ABD ile İran arasında başlatılmak istenen görüşmelerin ana konularına gelince; daha açıklanmamış olmakla birlikte her iki ülke konuya kendi çıkarları açısından bakmakta ve sonuç almak istemektedir.



ABD her şeyden önce bölgede girmiş olduğu bataklıktan çıkmak isterken bir yandan terkedeceği bölgeleri İran’a kaptırmamayı öte yandan bu konuda İran’dan destek görmeyi amaçlamaktadır. Irak ve Afganistan bunun en açık örnekleridir.
Ortadoğu’da artık İran’ın görüşüne başvurmaksızın sözde barışa ulaşamıyacağı sonucuna varan ABD bir yolunu bulup İran’ı sözde barış- gerçekte uzlaşma- görüşmelerine çekmeyi ve böylece İsrail’in varlığını garanti altına almayı planlamaktadır.
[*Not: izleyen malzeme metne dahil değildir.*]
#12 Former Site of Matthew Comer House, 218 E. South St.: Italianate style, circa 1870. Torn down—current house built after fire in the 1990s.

İran’ın nükleer programı ve bilimsel/teknolojik ilerlemelerini Batı için çeşitli açılardan tehlike olarak gören ABD, birtakım teşvikler sunmak suretiyle İran’ı uranyum zenginleştirme faaliyetlerini durdurmaya razı etmeye çalışacak, eğer bunda başarılı olamazsa- ki olamayacağı kesin- İran’ın uzlaşmaz olduğu propagandası yaparak BM Güvenlik Konseyi de dahil kontrolü altında bulundurduğu uluslararası ve bölgesel kuruluşları İran’a karşı yeniden harekete geçirecektir.
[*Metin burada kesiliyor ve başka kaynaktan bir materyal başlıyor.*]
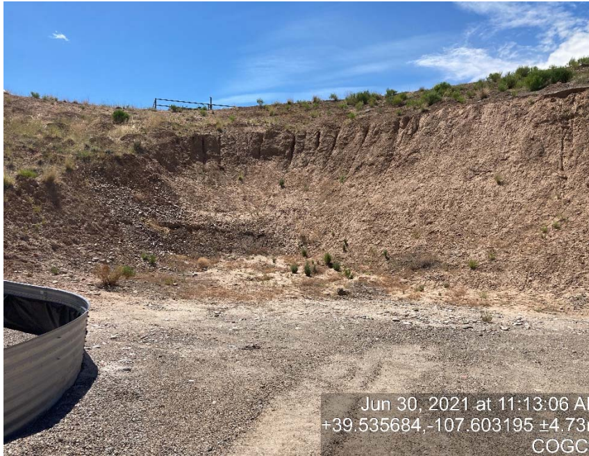
Previous inspection of cut slope

ABD’nin bölgesel siyasetlerinde köklü değişikliklere gitmediği takdirde bu görüşmelerden her hangi olumlu bir sonuç alınamıyacağına inanan İran, böyle görüşmelere pek ihtiyaç duymamakla birlikte ilk planda kendi aleyhinde sürdürülen uzlaşmaz, uluslararası toplumu saymaz propagandalarını etkisiz hale getirmeyi, hakkındaki olumsuz imajı silmeyi planlamaktadır. Yoksa İran’ın İsrail’in varlığını kabul etmesi, İslami direniş hareketlerini desteklemekten vazgeçmesi, Batı lehine uzlaşma görüşmelerine katılması, nükleer programını durdurması vb. imkansız olup ortaya çıkış felsefesi ve ağır birtakım değerler ödeyerek otuz yılldır izlediği siyasi çizgisinden vazgeçmek anlamına gelir ki, bu da şimdiki İran makamlarının istemedikleri ve isteseler bile cesaret edemiyecekleri bir konudur.
İran görüşmelerin karşılıklı saygı temelinde başlatılması ve sürdürülmesini istemektedir. Bunun anlamı, kendi hükümetine, devlet nizamına, izlediği siyasetlere, bilimsel/teknolojik programlarına saygı gösterilmesi, bölgesel ve uluslararası bir oyuncu olarak tanınması ve iç işlerine karışılmaması demektir. ABD’nin İran’ın bu haklı taleplerini kabul etmesi emperyal siyasetlerinden vazgeçmesi demek olup, bu da Barack Obama’nın karar verebileceği bir konu değildir.


Yukarıda anlatmaya çalıştığımız gerçekler dikkate alındığında ABD- İran görüşmelerinden sonuç alınması uzak bir ihtimaldir ve bu iki ülke arasındaki ilişkilerde köklü değişimler beklemek en azından önümüzdeki yıllarda mümkün görünmemektedir.